We’ll start by looking at the format of the PT_NOTE
segments. Below is the
layout of a PT_NOTE
segment.
The first two fields of the segment are fairly self-explanatory, they represent
the size of both the name and the descriptor. The name
field is a string
representing the type of note. The desc
field is a structure that contains the
actual data of the note. The type
field tells us what type of note we are
looking at. It is an unsigned integer that represents the type of note. It’s
worth noting that the name
field works as a kind of namespace for the type
field. Two notes with the same type field can be differentiated by their name
field.
The PT_LOAD
segment is a bit more straightforward. This represents a segment
of memory that was loaded into the process at the time of the crash. These can
represent either the stack, heap, or any other segment of memory that was loaded
into the process.
Coredumps at Memfault: Rev. 1
Our first crack at coredumps at Memfault had one goal: leveraging existing tools to capture info about a crashing process. To have feature parity with our offering on MCU and Android, we needed a few basic things:
- A symbolicated backtrace for each running thread in the crashing process
- The values of registers at the time of crash
- Symbolicated local variables at each frame
Based on what we’ve learned about Linux core files so far, they are an obvious
fit for these requirements. We can use an established system to route
information about crashed processes, add metadata that helps give us information
about the device in question, and do all of this without making any source
modifications to anything running on the system. For this reason, our first pass
at coredumps leaves them largely untouched compared to what the kernel provides.

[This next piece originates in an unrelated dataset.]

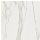
OD05 matt Golden Calacatta
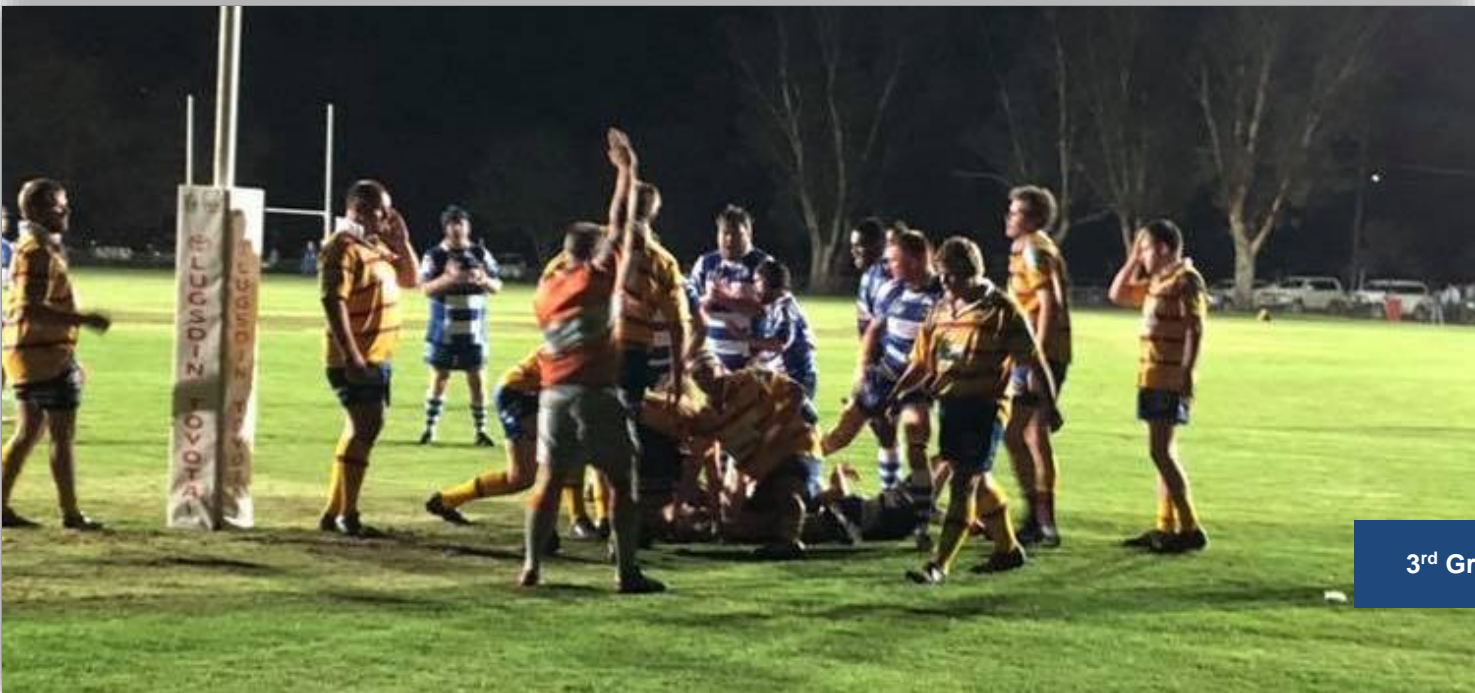
3 rd Grade - Try time @ Hay

The only addition is a note that contains the metadata we use to identify
devices and the version of software they’re running on. This takes advantage of
the fact that the PT_NOTE
segment is a free-form segment that can be used to
add any metadata we want to the coredump.
This allows us to gather additional information about the process that crashed, and more easily stream memory to avoid unnecessary allocations or memory usage.
Now that we’ve covered all the background information, we can dive into the
innards of the memfault-core-handler
. First, we use the pipe operation that
was outlined earlier.
Here
is the pattern we write to /proc/sys/kernel/core_pattern
to pipe the coredump
to our handler:
|/usr/sbin/memfault-core-handler -c /path/to/config %P %e %I %s
This tells the kernel to pipe the coredump to our handler and provides the
handler with the PID of the crashing process (%P
), the name of the crashing
process (%e
), the UID of the crashing process (%I
), and the signal that
caused the crash (%s
).
When a crash occurs, the kernel will write the coredump to the stdin
of the
handler. The handler will then read all the program headers into memory. This
sets us up to do two things. First, we’ll read all of the PT_NOTE
segments and
save them in memory. For the first iteration of the handler, we won’t do
anything further with them until we write them to a file. They’ll become more
important in later articles as we get into more of the special sauce of the
handler.
The next thing the handler does is read all of the memory ranges for each
PT_LOAD
segment in the coredump. Instead of storing this in memory, we’ll
stream it directly to the output file from /proc/<pid>/mem
. We do this to
reduce the memory footprint of the handler and prevent any issues where we would
potentially need to seek backwards in the stream. As mentioned before, stdin
is a one way stream, and we can’t seek backwards in it.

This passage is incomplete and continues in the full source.